Zimbabwe's bowlers faced a familiar struggle. They had taken a total of three wickets in two Twenty20s and the first ODI, and they were able to take only one in the first 37 overs of New Zealand's chase. They should have had more.
Guptill had got New Zealand off to a brisk start with powerful cuts to the boundary and drives on both side of the wicket. In the sixth over, however, he survived a close lbw appeal from Keegan Meth, who was troubling the openers with his ability to swing the ball both ways. Guptill and Rob Nicol, who had also survived a strong lbw appeal from Meth, added 49 for the first wicket before Nicol was splendidly caught down leg side by the wicketkeeper in the eighth over.

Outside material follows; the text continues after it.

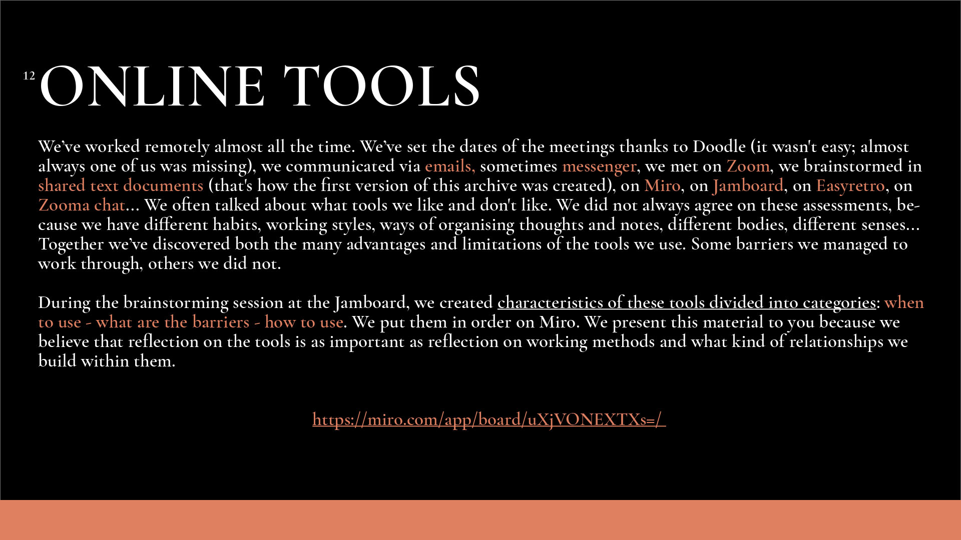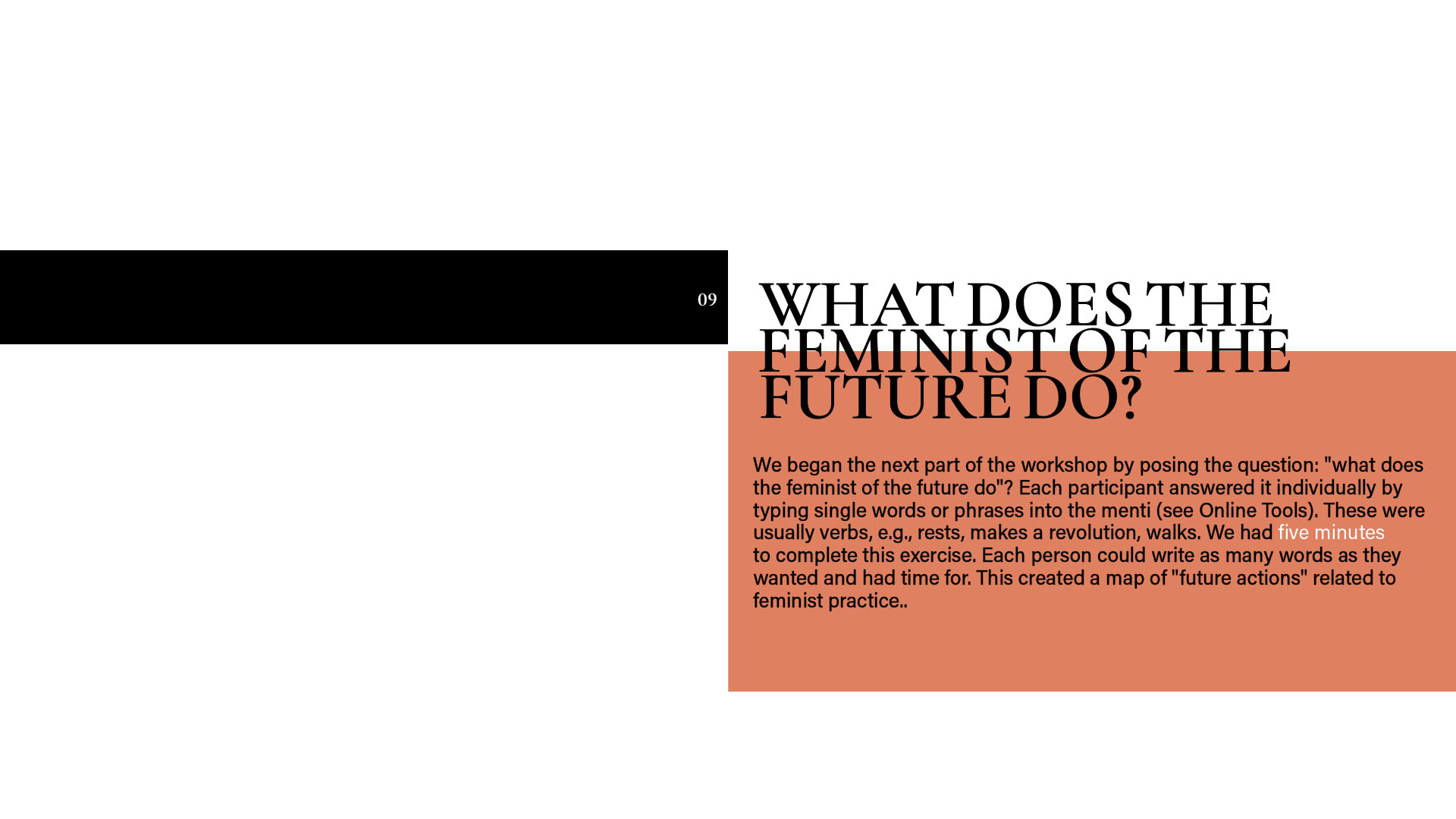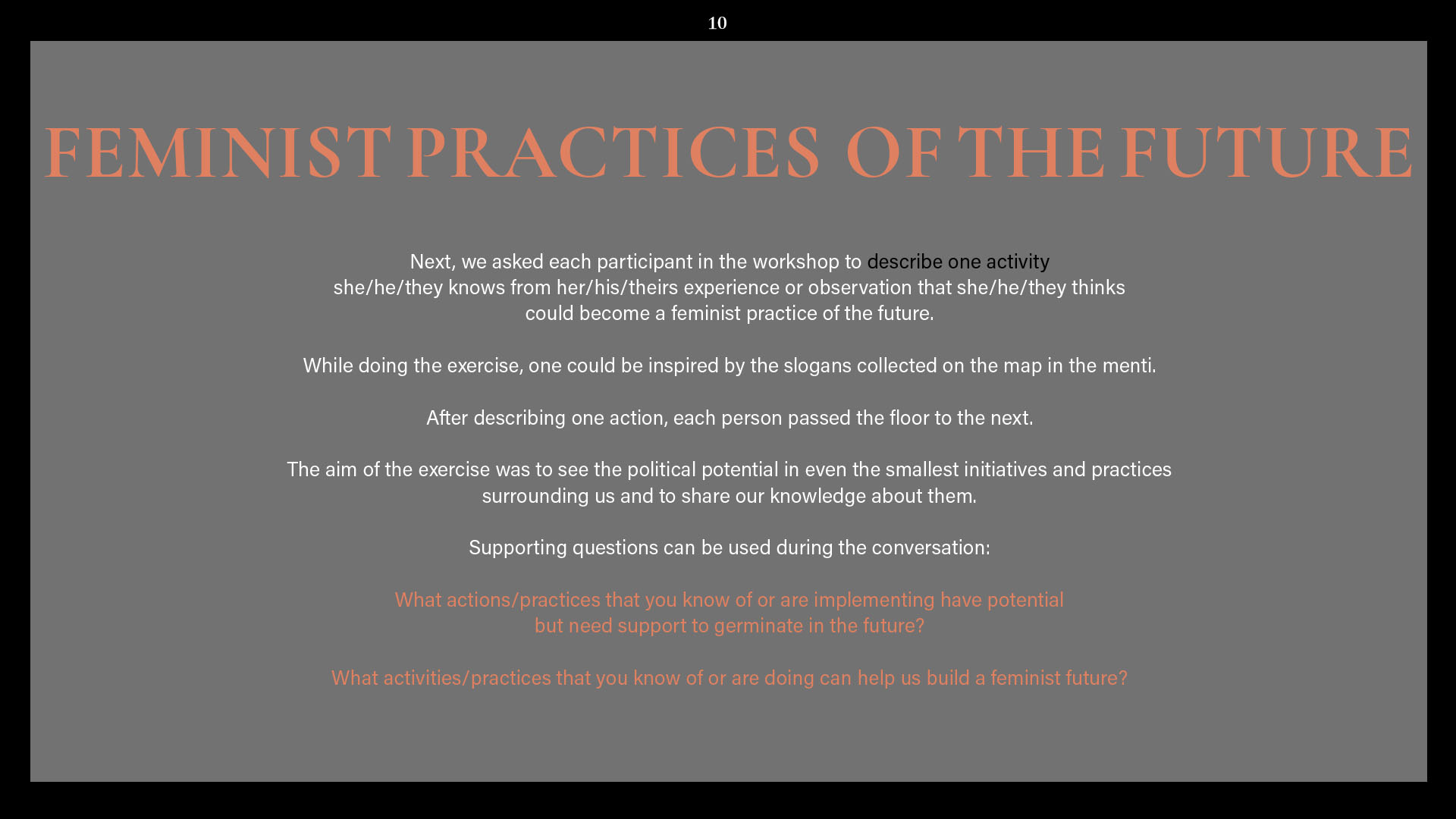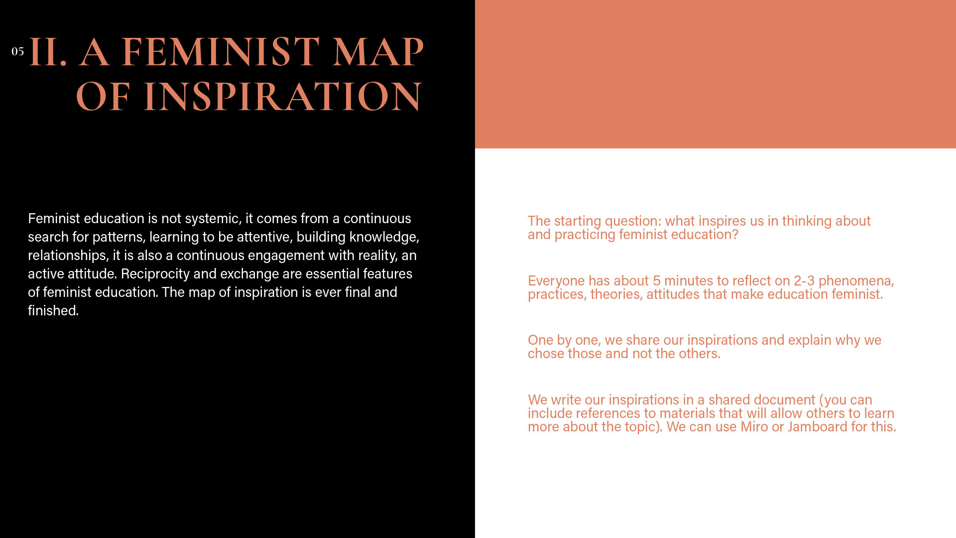Monika: If you would like to share this, I would like to ask if there was something that was difficult for you during our working together and how did you cope with it? Or if you prefer more generally: what methods do you have of dealing with difficulties arising during the work? / Jeśli chcesz się tym podzielić, to chciałabym zapytać, czy było coś, co sprawiało ci trudność w czasie naszej współpracy i jak sobie z tym radziłaś/radziłyśmy? A jeśli wolisz ogólniej: jakie masz metody radzenia sobie z trudnościami pojawiającymi się w czasie współpracy? Dominika: At the very beginning of the project, when we were all getting acquainted with the issues we were going to discuss, the way of working, the kind of cooperation with kainkollektiv, etc., there were moments when I was afraid of my competences – that I didn't know enough, that I wouldn't find myself in the discussed contents. After one conversation with Anna and Zuza, these fears disappeared. Then I had difficulties understanding everything and keeping up with everything we were working on. This was largely due to my busy life and the difficulties I was experiencing at the time. If I didn't know something, I would contact one or two people from the project to ask around, talk things through, figure things out. That helped a lot. Meetings in smaller teams also helped (for example, when working on a meeting about feminist education). My doubts and difficulties appeared less and less frequently later on, as we got to know each other better. I myself managed to believe that my presence is valuable in a group of extremely interesting, beautiful, good and valuable people. I am incredibly grateful to have met you, because I think that the kind of collaboration we experienced made me feel more confident (this is my personal thanks). I think that's the power of sisterhood.

Meth could have got McCullum four balls after Nicol fell but Hamilton Masakadza could not hang on to a firm flick at midwicket. New Zealand went into a bit of a lull as only 12 runs came between overs eight and 13 but Guptill and McCullum soon stirred out of it. McCullum charged Price to loft over long-on for six and Guptill cut Chris Mpofu to bring up a run-a-ball fifty. On 23, however, McCullum popped a catch back to Elton Chigumbura, who failed to latch on during his follow through. Soon after, on 31, he gave Chigumbura another opportunity, slashing towards sweeper where Malcolm Waller spilled a sitter.
With both batsmen well set, and 114 needed off 120 balls, New Zealand took the batting Powerplay in the 31st over. McCullum began to tee off, and flicked Meth over the square leg boundary. When he tried the shot a second time, on 59, he picked out Waller at deep square leg, but the catch was dropped once again. McCullum promptly clobbered the next ball far over square leg as Meth watched in anguish. McCullum ended the Powerplay with a straight six off Price - 46 runs had come off five overs and the contest was all but over.
Zimbabwe's marginally improved bowling but abject fielding effort had come after Taylor played a blinder for the second time in two matches. At 53 for 3 after 17 overs, Zimbabwe's hopes of competing depended on their captain.
Zimbabwe's fightback was launched in the 28th over, when Taylor swung James Franklin over the long-on boundary for the innings' first six. He had the plucky Waller for a sidekick. The surge came against Nicol, who bowled innocuous offbreaks and conceded 17 in the 30th over. Waller drove through the offside and slog-swept for fours. So did Taylor.
Taylor reached his half-century off 55 balls with a classy straight drive off Doug Bracewell and Waller brought up the fifty partnership, off only 6.5 overs, by cutting a short and wide ball for four. Waller was dismissed in the second over of the batting Powerplay, bowled by McKay who ended on a career-best 4 for 53.
Taylor, however, maintained the momentum Zimbabwe had acquired through that 86-run partnership with Waller. McKay delivered a series of full and very wide balls outside off, but Taylor chased and drove a couple to the boundary, forcing the abortion of that strategy.
Zimbabwe needed a strong finish and Taylor provided it. He paddled the third ball of the final over to the fine-leg boundary and lofted the next over mid-off for four, before watching Ray Price clout the last delivery to deep midwicket to round off a 14-run over. He ended on 107 off 105 balls, but it would be another valiant century in vain.